Un ancien cadre radié de la DGED
Nommons Mehdi Hijaouy, un ancien cadre de la Direction générale des études et de la documentation (DGED), radié en 2010, également installé au Canada, et n’ayant plus ni fonction ni contact avec les services sécuritaires marocains depuis 15 ans. Cela ne l’empêche pas de clamer qu’il fait partie de l’entourage de «Sidna» et qu’il est de tous les déplacements du Souverain. Sauf que Mehdi Hijaouy est, en même temps, un révolutionnaire qui rêve de changement. Son «intervention» n’ayant rien apporté à la nièce de Jerando, il promet à ce dernier une bien meilleure alternative une fois qu’«on va prendre les rênes». Comprenez que le monsieur a tout un projet politique en tête. Comble de l’ubuesque, alors que Hijaouy se prévaut de tout savoir sur le sérail et les dossiers les plus secrets des services de renseignements, l’agitateur se vante des milliers de dollars récoltés sur les réseaux sociaux grâce aux vues générées par les balivernes dont l’abreuve sa source.
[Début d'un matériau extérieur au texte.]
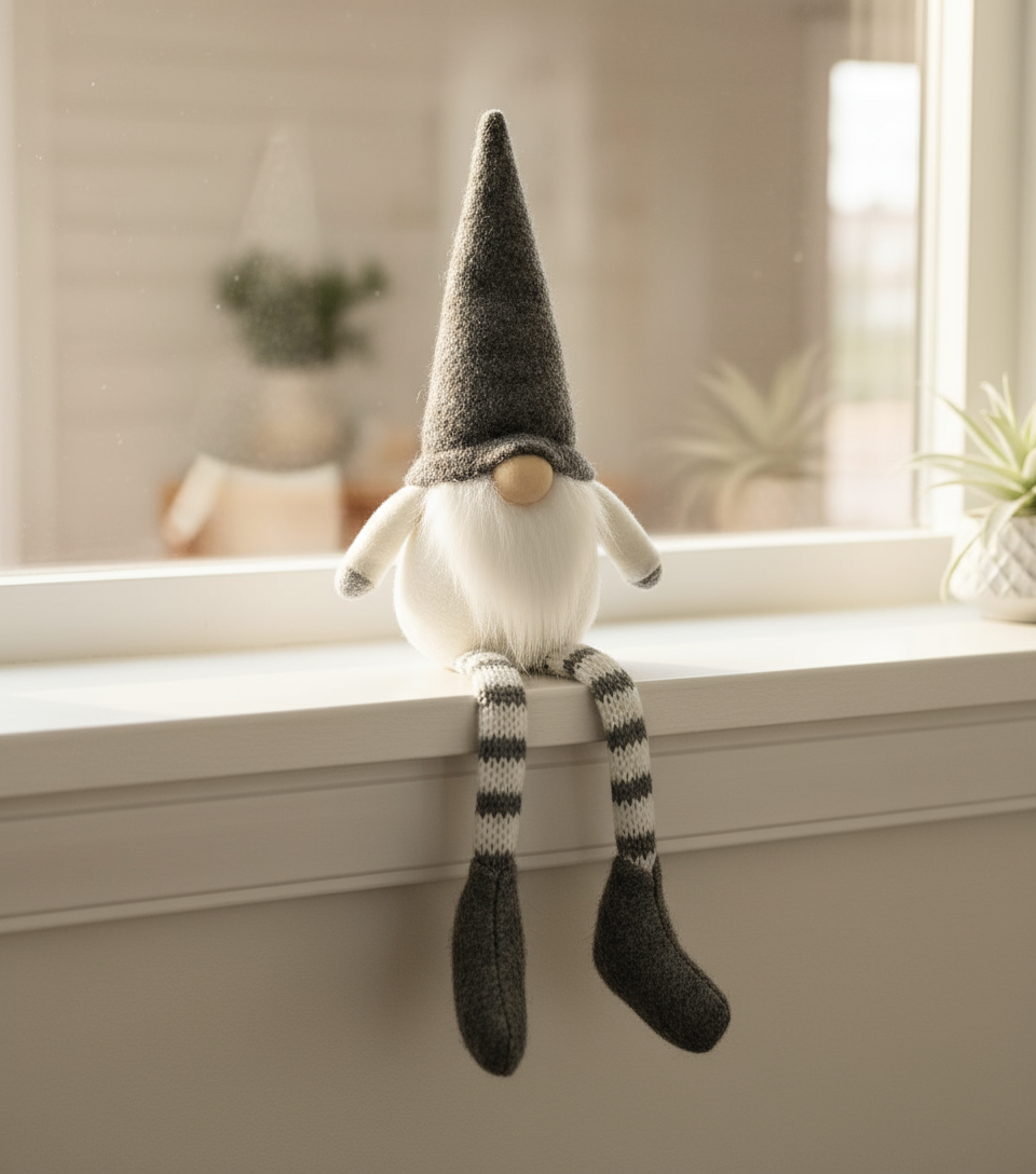 A delightfully festive themed fabric shelf sitting gonk with long dangly legs and a high pointed hat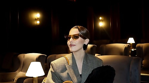 Ксения Собчак в костюме с гигантским помпоном снялась в кинотеатре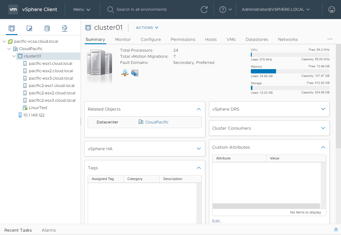 What does this look like from the nested ESXi lab side? You can see below, after you login to your nested ESXi lab vCenter Server, it looks like any other vSphere environment would look.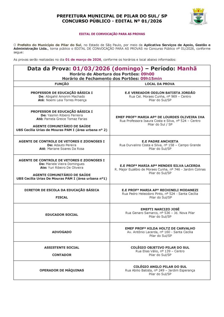 EDITAL DE CONVOCAÇÃO PARA AS PROVAS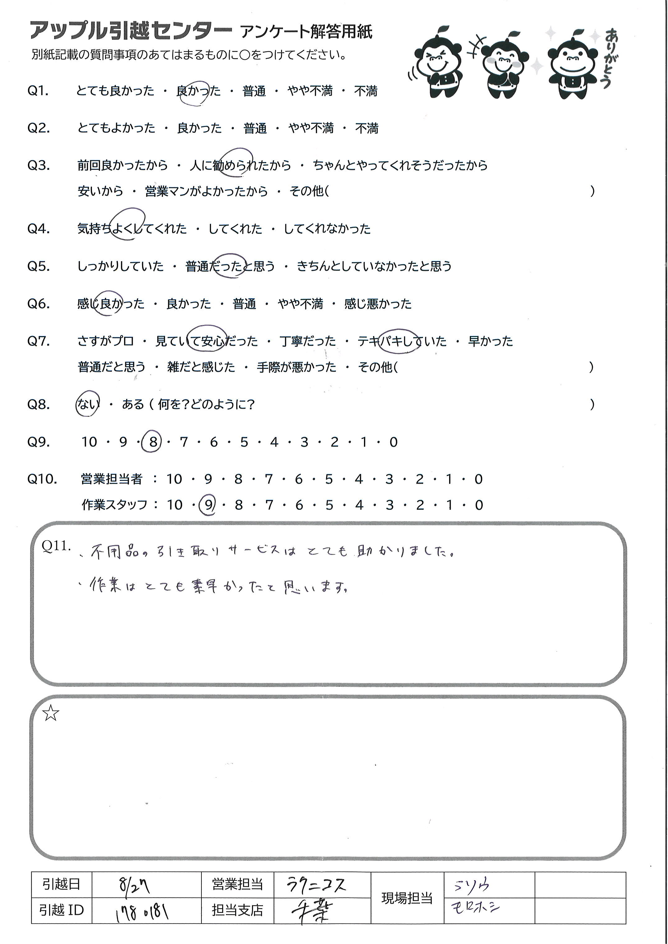 A.・不用品の引き取りのサービスはとても助かりました。 ・作業はとても素早かったと思います。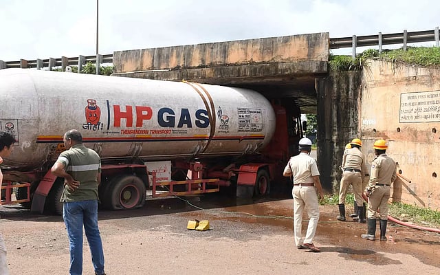 தார்வா அருகே பேளூர் பகுதியில் புனே-பெங்களூரு தேசிய நெடுஞ்சாலையில் எச்.பி. நிறுவனத்துக்கு சொந்தமான கியாஸ் டேங்கர் லாரி ஒன்று சென்று கெண்டிருந்தது. அந்த டேங்கர் லாரி நேற்று முன்தினம் மாலை 6.20 மணி அளவில் பேளூர் அருகே தார்வார் ஐகோர்ட்டு கிளை பகுதியில் சர்வீஸ் சாலைக்கு சென்று சுரங்கப்பாதை வழியாக பாலத்தின் அந்த பகுதிக்கு செல்ல முயன்றது. அப்போது திடீரென்று அதன் மேல் பகுதி பாலத்தில் உரசியப்படி சிக்கி கொண்டது. மேலும் டேங்கரின் மூடியும் சேதம் அடைந்ததாக தெரிகிறது.

En effet, c’est à Mehdi Hijaouy que le youtubeur doit en partie ses récits rocambolesques sur le pouvoir et les services au Maroc. Notons son feuilleton interminable de vidéos sur la DGED. Le stock étant vraisemblablement épuisé, c’est vers la Direction générale de la surveillance du territoire (DGST) que le duo semble diriger ses racontars. Si le procédé est le même, il semble gagner en suspense, puisque même le Souverain et la famille royale n’y échappent pas. Le procureur du Roi souligne à ce titre que l’enquête préliminaire se poursuit avec d’autres personnes, placées actuellement en garde à vue dans les locaux de la BNPJ à Casablanca, pour leur implication présumée dans les actes précités. Pour Jerando et sa source, la chute risque d’être trivialement terre à terre.